The listing below must be repeated word for word, with its images excluded.

## Source data
BEGIN

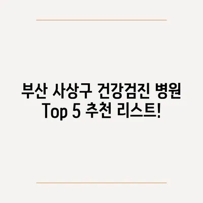 부산 사상구 건강검진 병원 Top 5 추천 리스트!
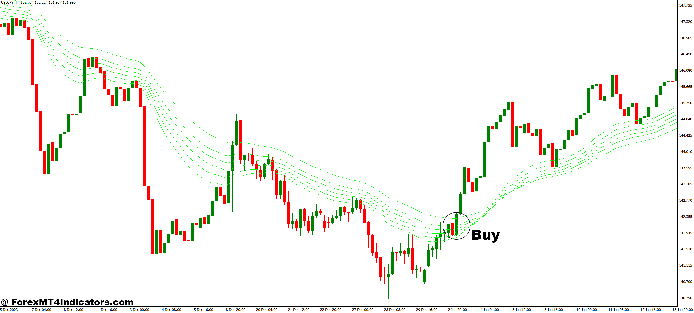 - Wait for the short-term EMAs (typically 3–15 periods) to cross above the long-term EMAs (usually 30–60 periods).
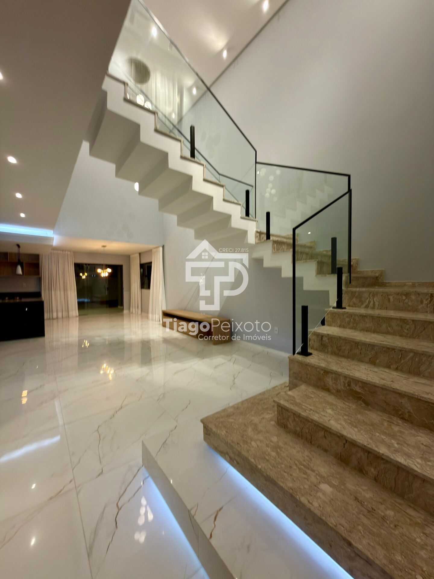 ✨ O pavimento térreo te recebe com uma generosa sala de estar com pé direito duplo, que transmite amplitude e grandiosidade. O lustre pendente em formato de esferas de vidro é o ponto focal do ambiente, criando uma atmosfera sofisticada que se integra harmoniosamente à sala de jantar.
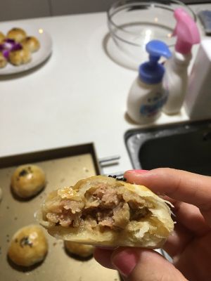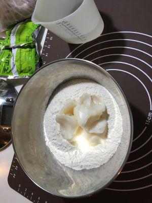水油面:300g面粉+120ml水+80g猪油+20g糖揉成面团

END

## Task result
 부산 사상구 건강검진 병원 Top 5 추천 리스트!
 - Wait for the short-term EMAs (typically 3–15 periods) to cross above the long-term EMAs (usually 30–60 periods).
 ✨ O pavimento térreo te recebe com uma generosa sala de estar com pé direito duplo, que transmite amplitude e grandiosidade. O lustre pendente em formato de esferas de vidro é o ponto focal do ambiente, criando uma atmosfera sofisticada que se integra harmoniosamente à sala de jantar.
水油面:300g面粉+120ml水+80g猪油+20g糖揉成面团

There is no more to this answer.